### [WORK TASK]
The lines below, from the one containing "Illustration de l'élève" through the one containing "Imagem 9 Bairro", should be set down exactly, with no pictures and nothing else.

═══ DATA SUPPLIED

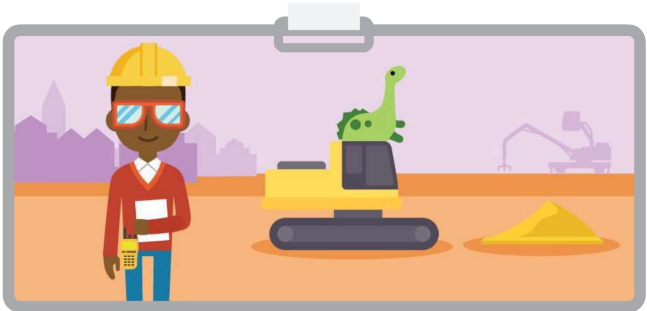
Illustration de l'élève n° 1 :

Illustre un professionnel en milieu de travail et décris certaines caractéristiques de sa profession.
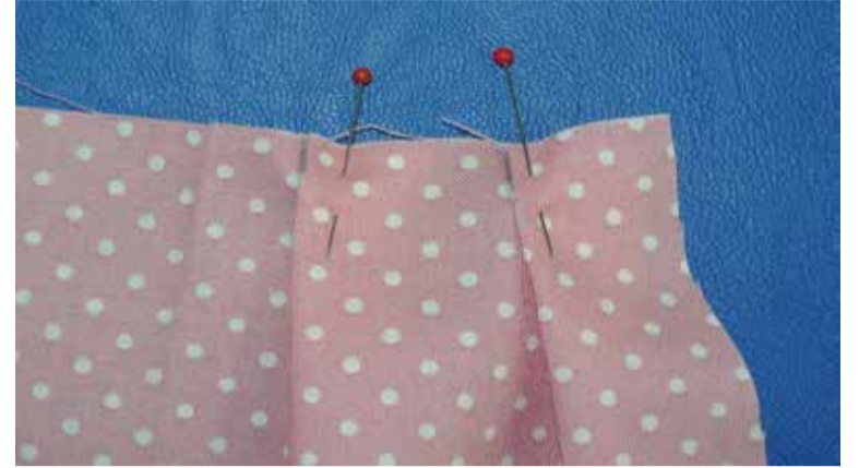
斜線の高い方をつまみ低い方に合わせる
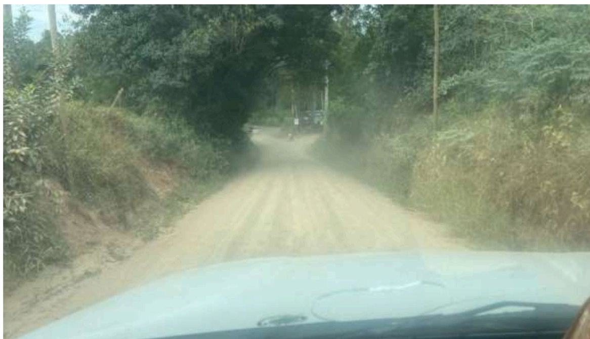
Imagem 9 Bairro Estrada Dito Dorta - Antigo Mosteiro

══════
═══ DATA SUPPLIED

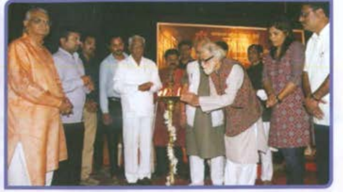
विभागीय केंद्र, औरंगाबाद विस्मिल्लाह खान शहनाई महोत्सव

══════

### [RESULT FOR THIS TASK]
Illustration de l'élève n° 1 :

Illustre un professionnel en milieu de travail et décris certaines caractéristiques de sa profession.
斜線の高い方をつまみ低い方に合わせる
Imagem 9 Bairro Estrada Dito Dorta - Antigo Mosteiro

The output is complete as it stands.